Fondée par Dave Eggers en 1998, McSweeney’s n’est pas seulement une revue, c’est un système : outre un recueil trimestriel consacrée à la nouvelle, c’est aussi une maison d’édition, un site web, un mensuel critique (The Believer) et une revue DVD de courts métrages (Wholphin). A l’origine, l’objectif était simple, fringant, presque naïf : publier des histoires qui ne trouvaient pas preneur ailleurs. C’est donc peu dire que les textes de l’anthologie proposée aujourd’hui par Gallimard, huit ans après la création de la franchise, ne représentent qu’une infime portion de la galaxie McSweeney’s. Mais ils révèlent tout de même le dynamisme d’un genre traditionnellement mal aimé (la nouvelle) et d’un support (la revue) dans un paysage littéraire en perpétuelle révolution. « Les Etats-Unis ont davantage de revues littéraires que n’importe quel autre pays, explique Dave Eggers, et je ne sais vraiment pas pourquoi ». Si sa ligne éditoriale très souple agace ses détracteurs, McSweeney’s est devenue un lieu d’accueil pour la fiction expérimentale et les essais « non reportage », si tant est qu’ils fassent preuve « d’humour littéraire ». Le tout paraît dans un espace « simplifié », une revue débarrassée de tout « élément décoratif » pour que le texte retrouve toute sa place. Voilà pour le manifeste.
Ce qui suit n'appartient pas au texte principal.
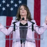 Williamson said she was opposing a free market “mindset” and corrupt political system that she said prioritized greed above all else “like an atomizer spray of economic injustice.”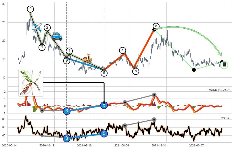 ➢ a,c调整浪MACD, RSI, KDJ走势都【未出现】背离,abc走势延续, 5浪反转概率增强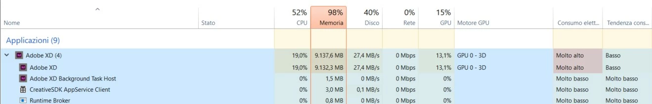 Hi, i'm having this issue from a long time and several versions of XD. Sometimes when i rapidly click for zooming in the view zoom straight forward to the maximum zoom and the program freeze completely. I can't move, close the window or do anything. Also on Windows' task manager i can see the Adobe XD process using an unusually high amount of RAM (as in the picture).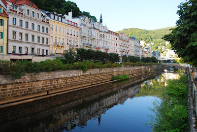 Karlovy Vary ou Carlsbad é uma cidadezinha termal, no meio de um vale e banhada por dois rios que formam um T: o Tepla e o Ohre (com uma falta de acentos malucos que os Checos usam). Fica muito próxima da fronteira alemã e de Praga chega-se facilmente de BUS em 2h 15 min. Para tal, aconselho a Student Bus. Por pouco mais de 5 € levam-vos, dão um filme e dão café e ainda vendem chocolates! Os rio permitem que a rua engalanada tenha pontezinhas de um lado para o outro. No Inverno deve ser de querer lá estar de sorriso na cara! Vi por acaso há pouco tempo uma comédia romântica com a Queen Latifah, penso chamar-se Last Holiday, em que KV era o local das filmagens e no Inverno. Delicioso.

Plus que tout autre revue aux Etats-Unis, McSweeney’s est un collectif, vibrant et bizarrement insaisissable -une impression qui se retrouve dans le choix des auteurs de l’anthologie française. On y retrouve des grands noms de la fiction américaine : William T. Vollmann, qui offre avec Trois méditations sur la mort une vision hallucinée des catacombes de Paris ; George Saunders et son regard chirurgical sur la violence ordinaire ; David Foster Wallace, qui visite avec sa mère les friches de l’absurde, et l’hilarant Rick Moody qui retrace dans Le Double zéro la trajectoire pathétique d’un homme ruiné par le pillage en règle du Middle West. Dans la lignée du journalisme gonzo, plusieurs récits proposent en outre un regard décalé sur un pays en mutation constante, vu par les yeux de personnages aux ego surdimensionnés qui continuent à façonner l’imaginaire collectif du territoire. Au royaume de Unabomber, par exemple, donne l’intégrale de la correspondance entre l’auteur, Gary Greenberg, et l’extrémiste luddite Ted Kaczinski. De La Folie Banvard, amusante biographie d’un peintre oublié, auteur d’une « fresque du Mississipi » de plusieurs kilomètres de long, à La République de Marfa, chronique d’une semaine peu ordinaire dans une petite ville du désert du Texas, toutes ces histoires illustrent le magnétisme et la diversité de ton d’une revue devenue, en moins de dix ans, un symbole autant qu’une tribune.

Reste que Gallimard a fait le choix de ne confier la traduction qu’à deux personnes, une par volume. C’est une erreur. La nouvelle, rappelons-le, est le champ de la forme par excellence, un exercice de style et de vélocité textuelle ; les traductions de Pierre Charras et Jean Pavans, uniformes, nivellent le recueil et, au final, le plombent. McSweeney’s étant un collectif, on aurait plutôt vu ici un travail à plusieurs voix, permettant d’approcher l’effet enivrant produit par la lecture des textes originaux. La sélection des textes est par ailleurs contestable : bâclée, La Fille à la frange, conventionnelle historiette de Zadie Smith ; obscur, le texte de Jim Stallard, surtout pour ceux qui ne sont pas familiers des décisions de la Cour Suprême ou des règles du basket-ball. L’objectif, malgré tout, est rempli : illustrer le tour de force d’un « programme » qui défend, avec obstination, la courte chose et écrite et la beauté de « l’objet revue ».